In any case, I can’t remember when athletic prowess became a free pass to act like a jerk.
Pryor taunted the South Fayette players/coaches with a condescending laugh as they filed into the gym for the pregame shoot-around.
His Royal Highness then took time out of his warm-up to threaten the South Fayette student section, comprised of no more than 50 students, one of whom was dressed like Ohio State football head coach Jim Tressel.
“I’m going to kill you, motherf*ckers. I’ll see you after the game."
At the end of warm-ups, Pryor threw a basketball into the student section, where it hit an elementary school student.
Although he was quite busy with a basketball game, he was kind enough to take the time to repeat this threat at the student section throughout the game.
As the starting lineups were called, all of the players shook the opposing coach’s hand—except Pryor. He pulled his hand away and turned his head as South Fayette coach Rich Bonnaure reached out to shake it.
On the court, Pryor scored 24 points and had 21 rebounds. He also used a variety of racial slurs against the player guarding him.

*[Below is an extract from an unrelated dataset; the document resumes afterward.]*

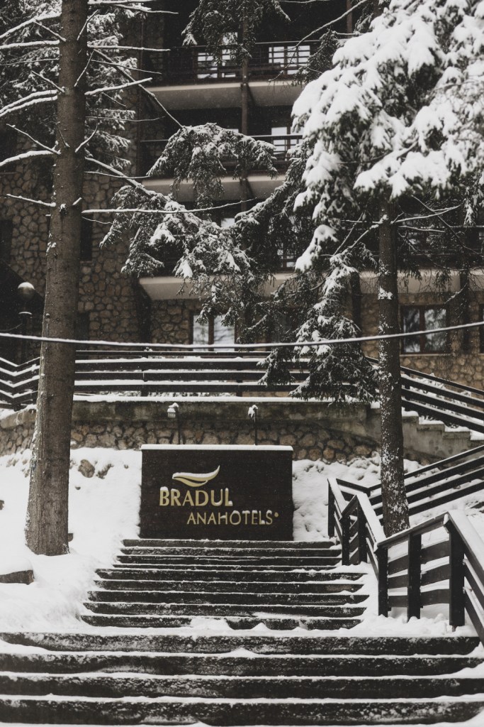 Nefiind familiari cu toata logistica schiatului, am preferat inca din primul an sa avem totul cat mai compact, cat mai… la un loc. Asa ca am ales partia Bradul din Poiana Brasov, perfecta pentru copii si incepatori si totul s-a invartit in jurul acestei partii (partia Bradul are doua instalatii pentru schi, teleschiul si telecabina, pentru gondola din Poiana trebuie mers un pic prin padure sau ocolit prin statiune, la 15 minute de mers pe jos). Drept urmare am vrut sa avem si un hotel cat mai aproape, ca sa evitam nevoia de a ne muta mereu cu masina sau de a cara prea mult echipamentele pentru schi (schiurile si claparii). Cea mai la indemana optiune a fost unul dintre hotelurile Ana Hotels, si anume Hotelul Bradul. La baza partiei Bradul se afla doua hoteluri parte din complexul Ana Hotels: hotelul Sportul si hotelul Bradul. Amandoua sunt hoteluri de patru stele, au facilitati foarte similare (ma refer la camere), singura diferenta pe care o percep eu este mai degraba in stilul fiecaruia dintre ele. Din cum le vad eu, Sportul este poate mai dinamic, mai modern, un hotel clasic dintr-o statiune montana axata pe sporturi de iarna. Bradul este un hotel mai linistit si un pic mai intim. Nu este parte din aceeasi cladire a hotelului Sportul, ci este un hotel separat, situat un pic mai sus, cu un stil mai rustic (ca a cabana montana, nu neaparat ca un hotel), mult lemn, lumina difuza si o atmosfera de hotel-boutique in decoruri.

After the game, the teams lined up for the usual postgame handshakes. Pryor went down the line and said, “You f*cking suck” to all the South Fayette players.
He then went over to the South Fayette student section and continued his threat of bodily harm and invited them to meet him in the hallway after the game, until a Whitehall policeman told him to stop, and his teammates finally pulled him away.
It is disturbing behavior for such a highly-touted recruit.
Two South Fayette students were ejected from the game for swearing at the refs. Shouldn’t the players be held to the same standard of behavior, if not a higher one? I have attended dozens of high school basketball games, but I have never seen another player’s behavior even closely resemble that of Pryor’s that day.
Perhaps more disturbing than Pryor’s behavior was the fact that his coaches and the referees allowed it to continue.
As lifelong Penn State fans, my family and I were very disappointed by what we saw in Pryor that weekend.
Pryor is obviously an amazing athlete. Everything that has been said about his speed and strength has not been exaggerated. Yesterday, in the WPIAL championship game against Beaver Falls, Pryor came up with 39 points, 24 rebounds, 10 blocked shots, and 6 assists. The win came just two months after Pryor led Jeannette’s football team to a state championship.
His behavior, however, leaves much to be desired. We can only hope that it is not too late for Pryor to learn some humility and decorum in college.